Instructors: Pushpak Bhattacharyya, Mitesh Khapra, and Anoop Kunchukuttan
Prerequisites: Basic knowledge of statistical machine translation
Language-independent Statistical Machine Translation (SMT) has proven to be very challenging. The diversity of languages makes high accuracy difficult and requires substantial parallel corpus as well as linguistic resources (parsers, morph analyzers, etc.). An interesting observation is that a large chunk of machine translation (MT) requirements involve related languages. They are either : (i) between related languages, or (ii) between a lingua franca (like English) and a set of related languages. For instance, India, the European Union and South-East Asia have such translation requirements due to government, business and socio-cultural communication needs.
Related languages share a lot of linguistic features and the divergences among them are at a lower level of the NLP pipeline. The objective of the tutorial is to discuss how the relatedness among languages can be leveraged to bridge this language divergence thereby achieving some/all of these goals: (i) improving translation quality, (ii) achieving better generalization, (iii) sharing linguistic resources, and (iv) reducing resource requirements.
We will look at the existing research in SMT from the perspective of related languages, with the goal to build a toolbox of methods that are useful for translation between related languages. This tutorial would be relevant to Machine Translation researchers and developers, especially those interested in translation between low-resource languages which have resource-rich related languages. It will also be relevant for researchers interested in multilingual computation.
We start with a motivation for looking at the SMT problem from the perspective of related languages. We introduce notions of language relatedness useful for MT. We explore how lexical, morphological and syntactic similarity among related languages can help MT. Lexical similarity will receive special attention since related languages share a significant vocabulary in terms of cognates, loanwords, etc.
Then, we look beyond bilingual MT and present how pivot-based and multi-source methods incorporate knowledge from multiple languages, and handle language pairs lacking parallel corpora. We present some studies concerning the implications of languages relatedness to pivot-based SMT, and ways of handling language divergence in the pivot-based SMT scenario. Recent advances in deep learning have made it possible to train multi-language neural MT systems, which we think would be relevant to training between related languages.

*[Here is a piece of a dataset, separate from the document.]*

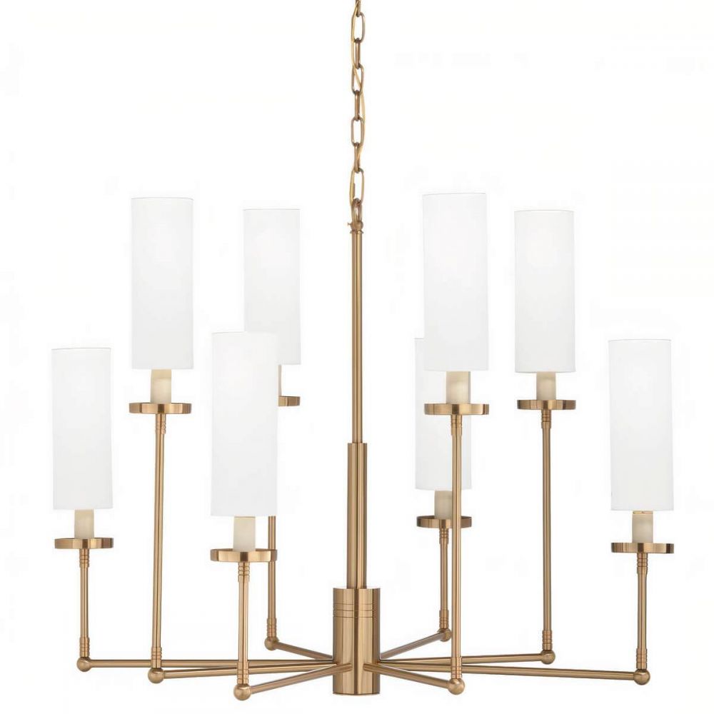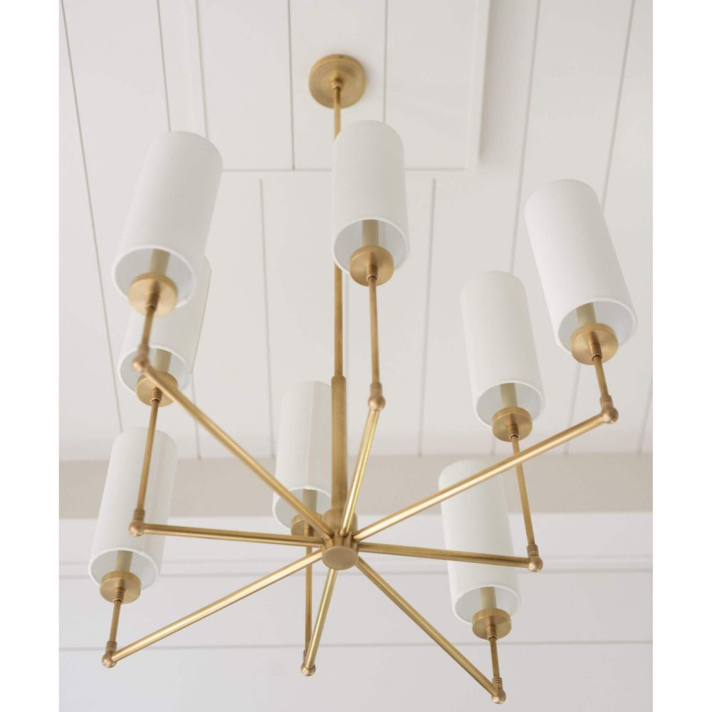 Золотая люстра «Новара» — это готовое парадное решение. Её двухуровневая конструкция, выполненная в благородном оттенке латуни, и восемь белых плафонов создают сложную, многослойную световую композицию. Это светильник для тех, кто ценит размах, праздничную атмосферу и безупречное качество исполнения.

We will summarize the tutorial by pointing out how the toolbox addresses the following goals we set out: (i) improving translation quality, (ii) achieving better generalization, (iii) sharing linguistic resources, and (iv) reducing resource requirements. We will conclude by emphasizing how the toolbox can be used to design translation system architectures customized to a set of related languages.

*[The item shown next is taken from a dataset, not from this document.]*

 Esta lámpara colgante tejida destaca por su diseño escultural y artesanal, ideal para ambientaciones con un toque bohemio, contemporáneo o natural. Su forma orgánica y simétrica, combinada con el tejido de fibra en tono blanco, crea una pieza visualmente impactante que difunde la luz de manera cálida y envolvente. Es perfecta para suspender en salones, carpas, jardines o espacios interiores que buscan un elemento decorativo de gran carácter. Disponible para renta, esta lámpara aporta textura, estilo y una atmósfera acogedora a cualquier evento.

Time permitting, we will briefly describe a toolkit for Indian language NLP, which can be used to leverage similarities between Indian languages (http://anoopkunchukuttan.github.io/indic_nlp_library).
About the Instructors:
Dr. Pushpak Bhattacharyya
Dr. Pushpak Bhattacharyya is Vijay and Sita Vashee Chair Professor in the Department of Computer Science and Engineering at the Indian Institute of Technology Bombay (IITB) where he heads the Center for Natural Language Processing. He is also the Director of Indian Institute of Technology Patna.
Dr. Bhattacharyya obtained his Ph.D from IIT Bombay. His areas of interest cover a broad spectrum of problems in Natural Language Processing like machine translation, cross-lingual search, sentiment analysis - specially with reference to Indian languages.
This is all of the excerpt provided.